## RECORDS FOR THIS EXERCISE
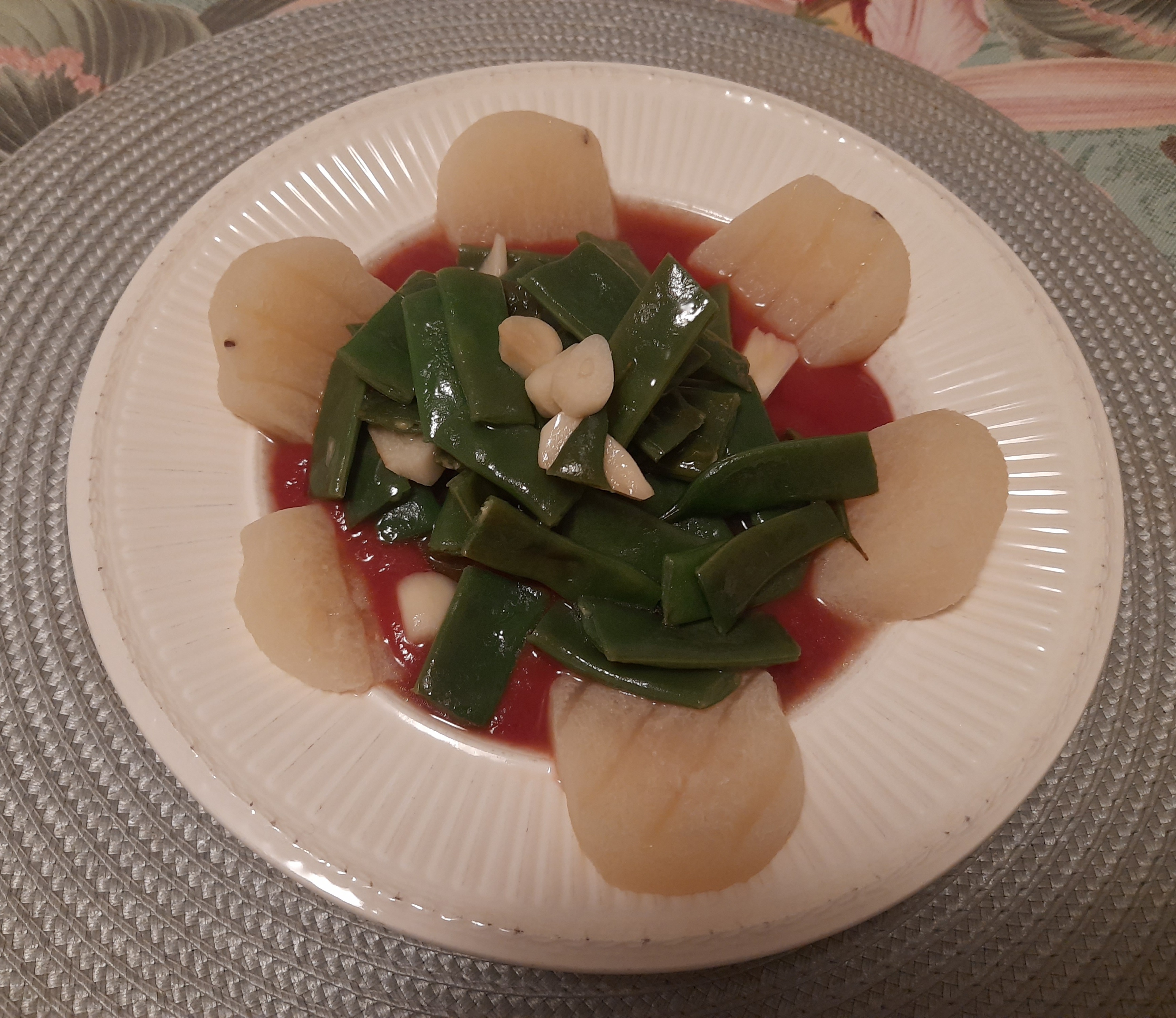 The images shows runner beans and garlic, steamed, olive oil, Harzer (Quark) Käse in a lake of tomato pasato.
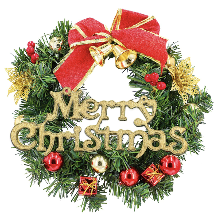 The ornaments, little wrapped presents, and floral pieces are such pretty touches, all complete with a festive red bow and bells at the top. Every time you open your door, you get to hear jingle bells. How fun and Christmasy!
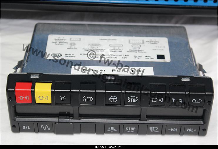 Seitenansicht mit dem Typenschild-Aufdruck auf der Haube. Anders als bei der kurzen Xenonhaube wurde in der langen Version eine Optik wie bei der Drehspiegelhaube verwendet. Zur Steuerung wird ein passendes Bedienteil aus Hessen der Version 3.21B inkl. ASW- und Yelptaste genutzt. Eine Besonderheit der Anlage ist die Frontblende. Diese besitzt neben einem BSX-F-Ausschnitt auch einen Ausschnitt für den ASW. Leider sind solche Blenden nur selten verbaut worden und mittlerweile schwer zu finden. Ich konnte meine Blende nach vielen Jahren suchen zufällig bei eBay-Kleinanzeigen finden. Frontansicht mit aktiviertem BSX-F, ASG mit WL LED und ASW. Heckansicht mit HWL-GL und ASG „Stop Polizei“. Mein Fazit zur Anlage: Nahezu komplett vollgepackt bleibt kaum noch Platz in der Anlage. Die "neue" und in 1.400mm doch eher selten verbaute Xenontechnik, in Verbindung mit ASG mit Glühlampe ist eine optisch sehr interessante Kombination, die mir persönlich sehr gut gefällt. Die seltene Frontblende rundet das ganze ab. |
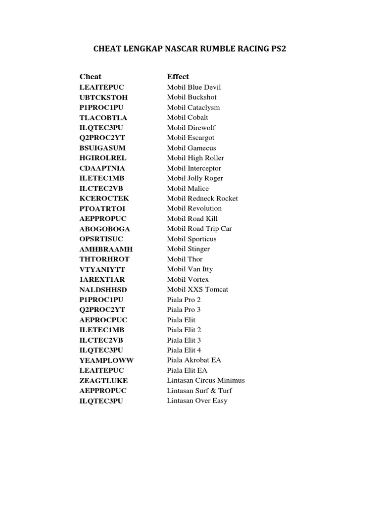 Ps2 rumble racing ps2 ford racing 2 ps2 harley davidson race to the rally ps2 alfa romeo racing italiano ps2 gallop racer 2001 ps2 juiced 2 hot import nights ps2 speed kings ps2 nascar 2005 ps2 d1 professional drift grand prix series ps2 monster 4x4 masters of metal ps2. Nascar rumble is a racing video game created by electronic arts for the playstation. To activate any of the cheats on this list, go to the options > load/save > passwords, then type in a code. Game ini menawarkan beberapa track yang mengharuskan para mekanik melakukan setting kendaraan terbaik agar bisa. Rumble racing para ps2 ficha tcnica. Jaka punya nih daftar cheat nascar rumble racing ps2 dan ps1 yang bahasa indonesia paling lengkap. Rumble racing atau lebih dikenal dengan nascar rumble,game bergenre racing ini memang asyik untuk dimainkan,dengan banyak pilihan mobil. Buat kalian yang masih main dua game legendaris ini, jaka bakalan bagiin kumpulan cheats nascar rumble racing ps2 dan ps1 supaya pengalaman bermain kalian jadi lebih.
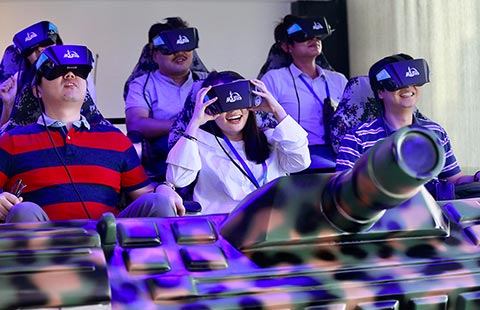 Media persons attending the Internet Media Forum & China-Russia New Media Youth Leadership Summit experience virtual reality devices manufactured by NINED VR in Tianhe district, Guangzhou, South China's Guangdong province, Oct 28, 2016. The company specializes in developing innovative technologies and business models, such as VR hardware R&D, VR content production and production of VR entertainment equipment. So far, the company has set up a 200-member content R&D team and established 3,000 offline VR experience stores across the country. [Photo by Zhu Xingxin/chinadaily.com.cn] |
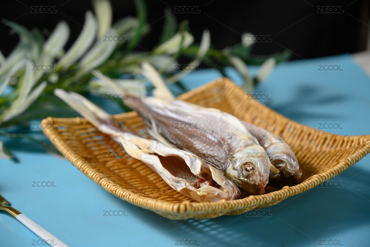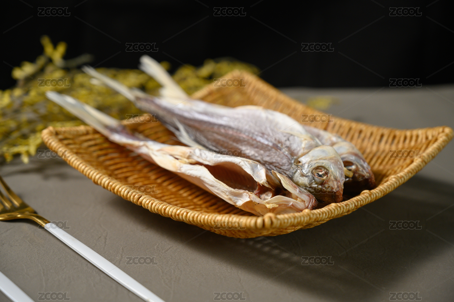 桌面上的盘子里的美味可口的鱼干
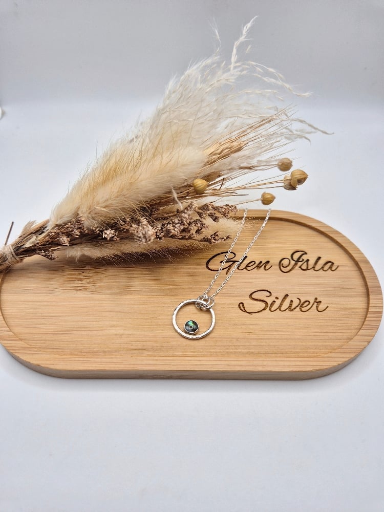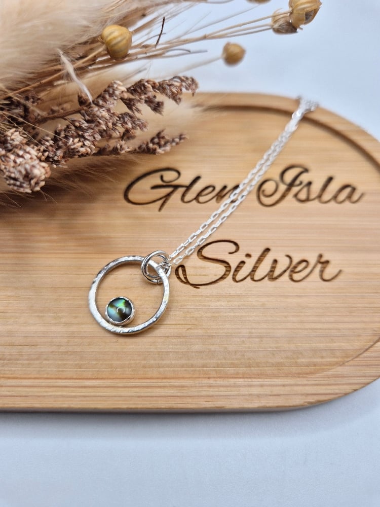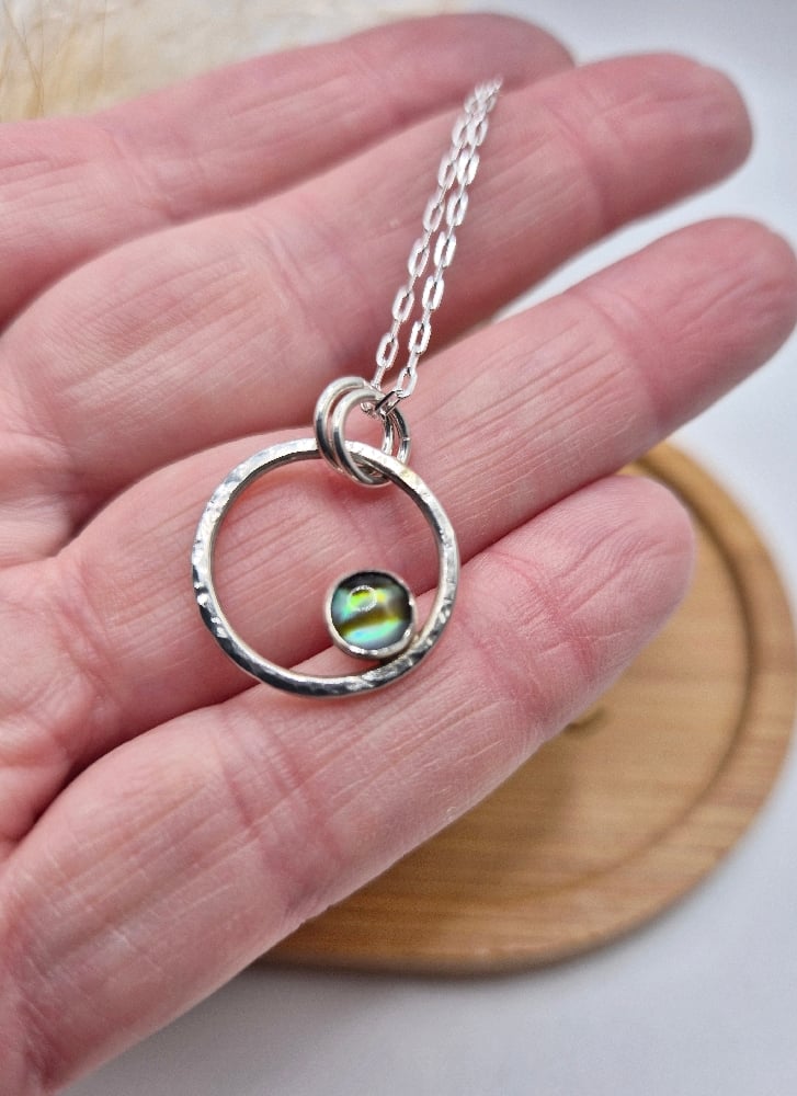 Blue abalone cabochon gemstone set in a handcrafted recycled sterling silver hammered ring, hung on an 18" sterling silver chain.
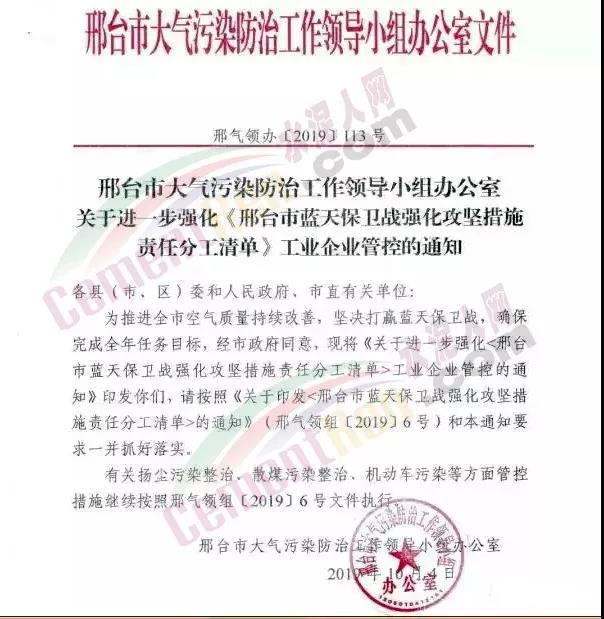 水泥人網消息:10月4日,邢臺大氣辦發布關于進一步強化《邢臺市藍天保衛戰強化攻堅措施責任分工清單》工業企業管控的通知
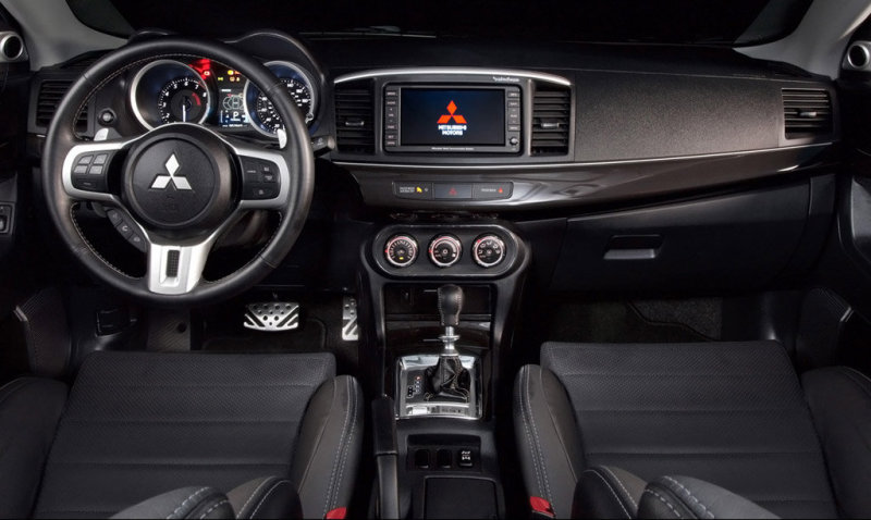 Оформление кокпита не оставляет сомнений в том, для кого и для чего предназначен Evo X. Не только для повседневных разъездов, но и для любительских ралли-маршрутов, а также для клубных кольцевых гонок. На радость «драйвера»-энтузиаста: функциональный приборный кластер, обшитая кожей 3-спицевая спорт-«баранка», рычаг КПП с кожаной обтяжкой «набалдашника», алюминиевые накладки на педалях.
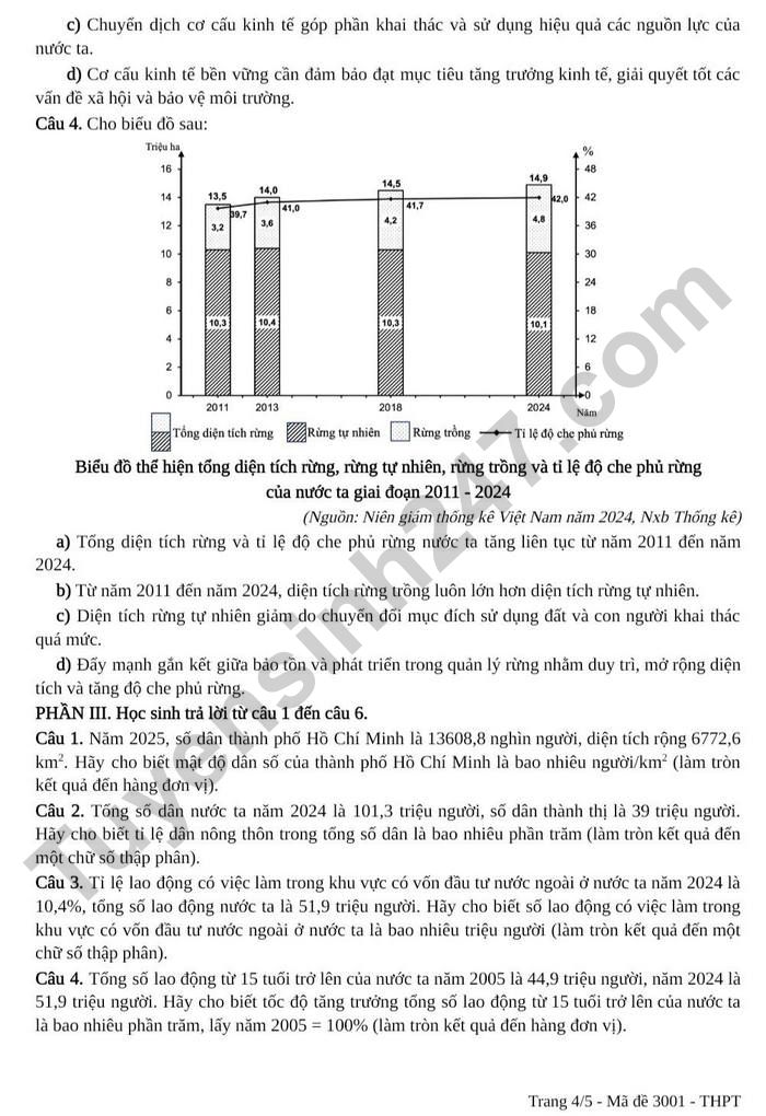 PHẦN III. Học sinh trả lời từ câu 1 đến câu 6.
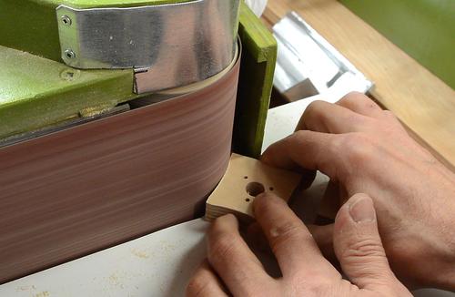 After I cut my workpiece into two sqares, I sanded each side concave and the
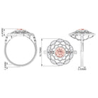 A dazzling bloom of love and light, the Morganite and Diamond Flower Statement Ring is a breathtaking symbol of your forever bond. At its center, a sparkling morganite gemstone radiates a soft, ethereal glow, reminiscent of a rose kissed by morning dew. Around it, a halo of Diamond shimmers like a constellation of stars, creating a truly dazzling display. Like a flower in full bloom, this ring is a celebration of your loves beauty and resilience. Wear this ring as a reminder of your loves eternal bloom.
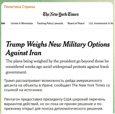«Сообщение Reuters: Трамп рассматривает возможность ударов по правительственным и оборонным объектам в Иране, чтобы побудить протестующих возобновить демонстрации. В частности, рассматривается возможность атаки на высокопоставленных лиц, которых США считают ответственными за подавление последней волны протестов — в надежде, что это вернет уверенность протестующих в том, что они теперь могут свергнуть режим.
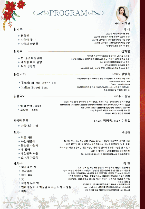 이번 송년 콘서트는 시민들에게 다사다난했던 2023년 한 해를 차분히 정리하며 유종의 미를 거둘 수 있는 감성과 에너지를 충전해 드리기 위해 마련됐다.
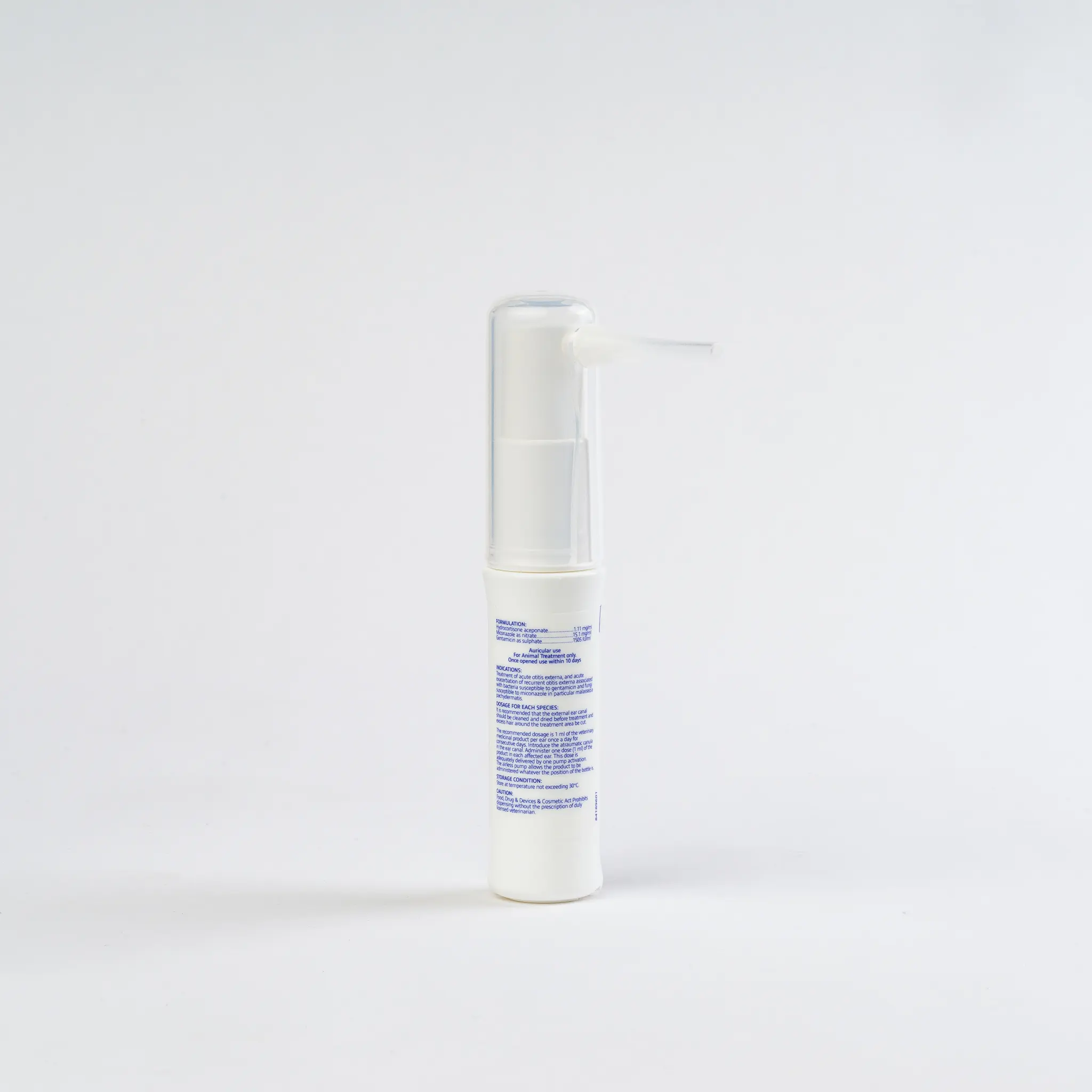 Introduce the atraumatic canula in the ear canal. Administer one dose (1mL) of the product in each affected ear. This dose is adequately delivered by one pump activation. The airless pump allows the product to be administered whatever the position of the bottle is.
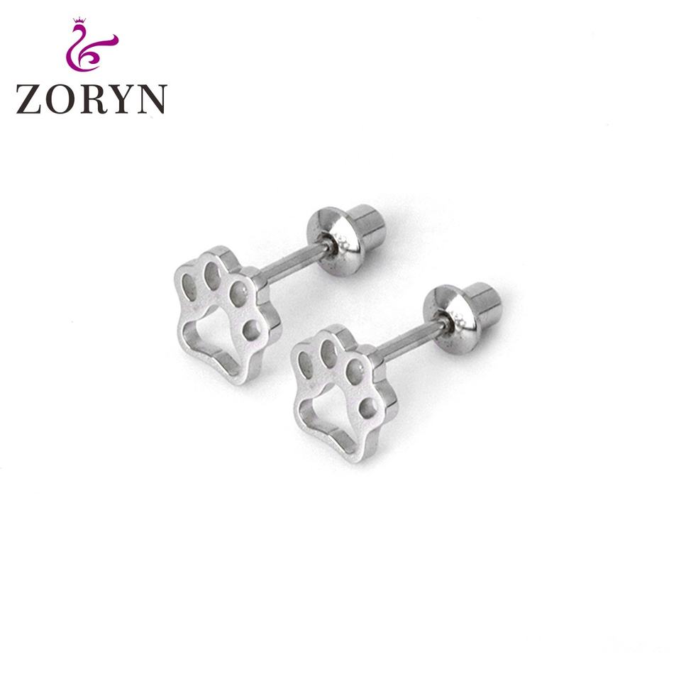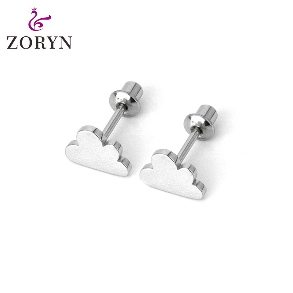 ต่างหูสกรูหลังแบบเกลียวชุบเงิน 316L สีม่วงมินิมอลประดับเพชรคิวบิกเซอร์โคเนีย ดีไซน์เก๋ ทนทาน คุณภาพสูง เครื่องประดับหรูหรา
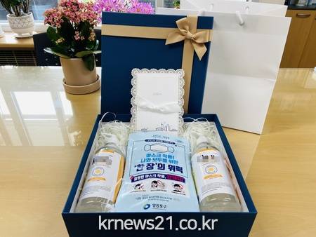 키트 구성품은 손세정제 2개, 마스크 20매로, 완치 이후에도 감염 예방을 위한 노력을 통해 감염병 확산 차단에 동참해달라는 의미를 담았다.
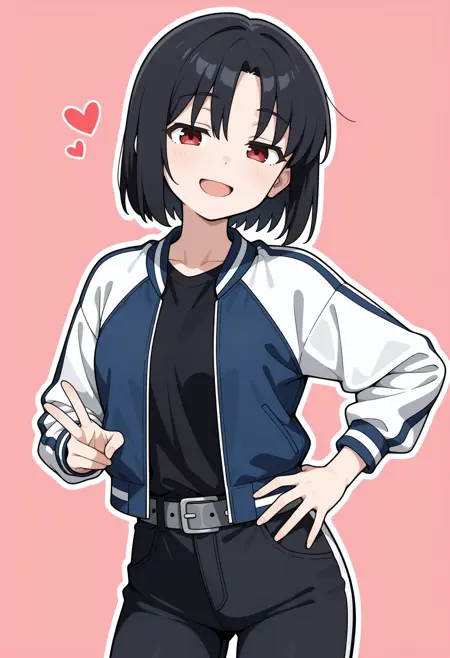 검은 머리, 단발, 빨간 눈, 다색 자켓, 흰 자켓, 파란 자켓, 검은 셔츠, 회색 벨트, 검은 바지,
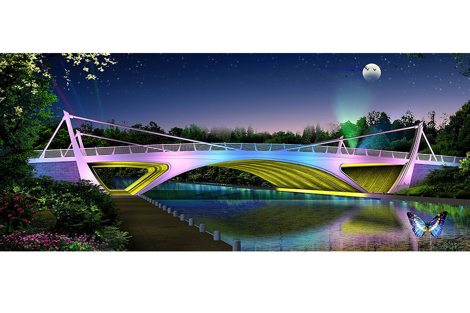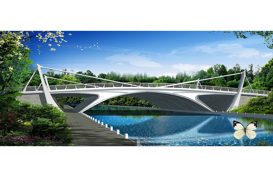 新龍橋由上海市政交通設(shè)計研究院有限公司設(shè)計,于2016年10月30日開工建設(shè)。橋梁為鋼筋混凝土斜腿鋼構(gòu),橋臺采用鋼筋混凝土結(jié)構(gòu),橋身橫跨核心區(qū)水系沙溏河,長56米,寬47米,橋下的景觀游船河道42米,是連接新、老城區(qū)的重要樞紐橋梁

## WHAT THE EXERCISE ASKS
Leaving each picture behind, please give again exactly the lines above from the one with "Introduce the atraumatic" through the one with "검은 머리, 단발, 빨간", both included, and no others.

## PROBLEM SOLUTION
 Introduce the atraumatic canula in the ear canal. Administer one dose (1mL) of the product in each affected ear. This dose is adequately delivered by one pump activation. The airless pump allows the product to be administered whatever the position of the bottle is.
 ต่างหูสกรูหลังแบบเกลียวชุบเงิน 316L สีม่วงมินิมอลประดับเพชรคิวบิกเซอร์โคเนีย ดีไซน์เก๋ ทนทาน คุณภาพสูง เครื่องประดับหรูหรา
 키트 구성품은 손세정제 2개, 마스크 20매로, 완치 이후에도 감염 예방을 위한 노력을 통해 감염병 확산 차단에 동참해달라는 의미를 담았다.
 검은 머리, 단발, 빨간 눈, 다색 자켓, 흰 자켓, 파란 자켓, 검은 셔츠, 회색 벨트, 검은 바지,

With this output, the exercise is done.